Nu devant la glace (8)

Ce N'est Pas Moi, Ordi Hacké

Ces quelques premiers mots l'avaient sonné. Son cœur battait la chamade. Amoureux, il s'avoua. Deux aiguilles contraires se titillaient. Ecouter la promenade en effet, ou bien lire les mots qu'il avait sous la main. Respiration profonde, le ron-ron du bateau ne le faisait guère quitter sa torpeur. De toute façon, avec le vrombissement du navire et les commentaires du capitaine, il n'arriverait pas à intégrer tout le vocable de la belle. Il avait de toute façon le mal de mer, mais ne serait-ce pas le mal d'aimer ? Les marmots de devant lui ne l'aidaient pas à se concentrer sur son voyage. Qu'importe, il n'attendait que l'abordage pour aller s'enquérir du contenu de la lettre sur un banc près des canaux.

Le supplice se terminait. Il s'en voulait farouchement, il n'avait pas pris le plaisir demandé par Héloïse à son voyage. Qu'importe les cieux, quand on est amoureux, on est aveugle. Aveuglément aveugle de pouvoir lire cette lettre. Le premier banc ferait l'affaire.

Lecture attentive.

« Cher, mon nouvel ami qui n'a pas de nom, je préférai vous mettre dehors tellement je n'étais à mon aise. N'aviez-vous point remarqué la moiteur de mes mains et le rose sur les joues ? Sans fard et sans poudreuse, vous auriez été bien aveugle. Je n'ai ensuite voulu faire la navigation avec vous, vous n'auriez jamais profité de l'instant présent mais nous serions partis dans des élucubrations. Déjà que nous n'avons finalement jamais visité le musée. J'essaie de vous faire passer tout de même un excellent moment dans la ville.

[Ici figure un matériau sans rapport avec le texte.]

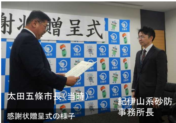
太田五條市長(当時) 紀伊山系砂防事務所長 感謝状贈呈式の様子

現在、五條市内では赤谷地区の対策を進めており、完了に向けて、引き続き鋭意努めてまいります。

Qu'importe les villes en fait non ? Quand on fait connaissance. J'étais venue ici en quête de sens, vous y étiez venu, perdre votre sens, et l'ennui c'est qu'ainsi, l'on est tombé nez à nez. Et que depuis, je vous rêve. Vous rendez-vous compte, je vous rêve ? Alors je me suis moi-même lancée le défi de vous écrire un poème :

Je suis la rose éclose,
La rose parfois morose,
Difficile à faire succomber,
Sur des épines elle est tombée
Je n'ai peut-être jamais vraiment aimé
Alors, qu'en saurai-je si tel effet s'arrimait ?
A mon esprit, à mon être
Ne serait-ce que du paraitre ?
Je vous vois et je rougis,
Je vous imagine, et je gis,
Sur le carrelage de ma cuisine
Pour oublier que je m'y sens comme dans une mezzanine
A température élevée
Parce que vous me semblez un plat relevé
Qu'en sais-je de l'amour ?
De tous ces voyous qui promettent pour toujours ?
Qui êtes-vous, vous, le grand Inconnu ?
Devant vous, puis-je vraiment me mettre à nue ?

Je repars à Paris demain matin. Je vous propose que l'on se revoie une dernière fois ce soir, à mon appartement. »

Ainsi se terminait la lettre, de façon tranchante après un si beau poème.